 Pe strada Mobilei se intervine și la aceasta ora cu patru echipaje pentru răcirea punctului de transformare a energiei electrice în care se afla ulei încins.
——————
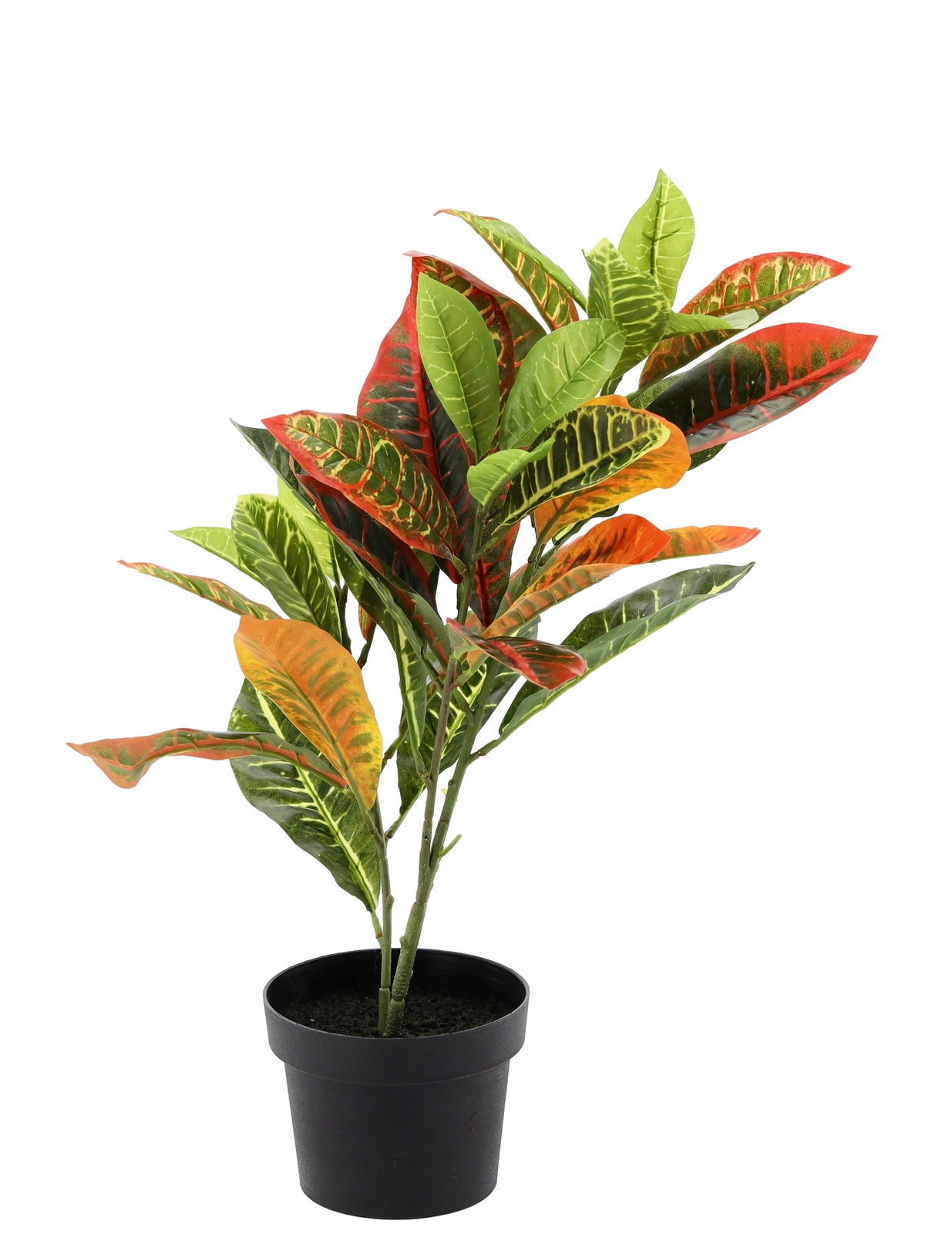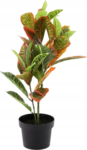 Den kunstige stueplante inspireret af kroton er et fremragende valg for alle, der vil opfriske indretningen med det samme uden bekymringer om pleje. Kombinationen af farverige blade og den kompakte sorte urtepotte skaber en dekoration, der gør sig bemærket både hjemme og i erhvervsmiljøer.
——————
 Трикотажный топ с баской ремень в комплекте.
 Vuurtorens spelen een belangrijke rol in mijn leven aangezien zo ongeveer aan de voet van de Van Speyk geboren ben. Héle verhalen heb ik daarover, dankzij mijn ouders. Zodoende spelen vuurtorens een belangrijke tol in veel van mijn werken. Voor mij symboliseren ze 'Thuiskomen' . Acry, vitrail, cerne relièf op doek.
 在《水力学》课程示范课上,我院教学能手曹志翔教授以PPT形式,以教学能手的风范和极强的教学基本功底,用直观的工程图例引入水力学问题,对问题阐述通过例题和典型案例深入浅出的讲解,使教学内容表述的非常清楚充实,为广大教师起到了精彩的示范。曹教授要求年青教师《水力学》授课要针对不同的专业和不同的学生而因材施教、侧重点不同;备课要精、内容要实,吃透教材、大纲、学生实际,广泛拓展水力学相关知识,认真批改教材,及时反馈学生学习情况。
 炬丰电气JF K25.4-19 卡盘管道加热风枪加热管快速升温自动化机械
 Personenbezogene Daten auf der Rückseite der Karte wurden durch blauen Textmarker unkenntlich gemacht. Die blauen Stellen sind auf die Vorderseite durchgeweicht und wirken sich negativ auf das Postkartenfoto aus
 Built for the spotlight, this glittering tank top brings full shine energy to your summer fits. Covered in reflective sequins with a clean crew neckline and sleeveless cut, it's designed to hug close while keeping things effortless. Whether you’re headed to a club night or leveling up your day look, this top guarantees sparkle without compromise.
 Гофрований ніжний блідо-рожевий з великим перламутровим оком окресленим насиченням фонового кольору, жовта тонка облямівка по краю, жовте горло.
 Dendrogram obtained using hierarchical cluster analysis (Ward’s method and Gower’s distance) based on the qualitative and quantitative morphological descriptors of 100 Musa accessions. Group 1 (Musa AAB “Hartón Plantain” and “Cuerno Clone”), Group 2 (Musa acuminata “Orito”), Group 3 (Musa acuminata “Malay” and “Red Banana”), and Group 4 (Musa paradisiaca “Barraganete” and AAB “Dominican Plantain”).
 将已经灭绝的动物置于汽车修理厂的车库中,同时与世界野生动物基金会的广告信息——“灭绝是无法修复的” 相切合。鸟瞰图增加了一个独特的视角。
——————
** Instructions to follow **
Set down precisely the lines above between the line holding "Гофрований ніжний блідо-рожевий" and the line holding "将已经灭绝的动物置于汽车修理", inclusive, and nothing beyond them.

** Task solution **
 Гофрований ніжний блідо-рожевий з великим перламутровим оком окресленим насиченням фонового кольору, жовта тонка облямівка по краю, жовте горло.
 Dendrogram obtained using hierarchical cluster analysis (Ward’s method and Gower’s distance) based on the qualitative and quantitative morphological descriptors of 100 Musa accessions. Group 1 (Musa AAB “Hartón Plantain” and “Cuerno Clone”), Group 2 (Musa acuminata “Orito”), Group 3 (Musa acuminata “Malay” and “Red Banana”), and Group 4 (Musa paradisiaca “Barraganete” and AAB “Dominican Plantain”).
 将已经灭绝的动物置于汽车修理厂的车库中,同时与世界野生动物基金会的广告信息——“灭绝是无法修复的” 相切合。鸟瞰图增加了一个独特的视角。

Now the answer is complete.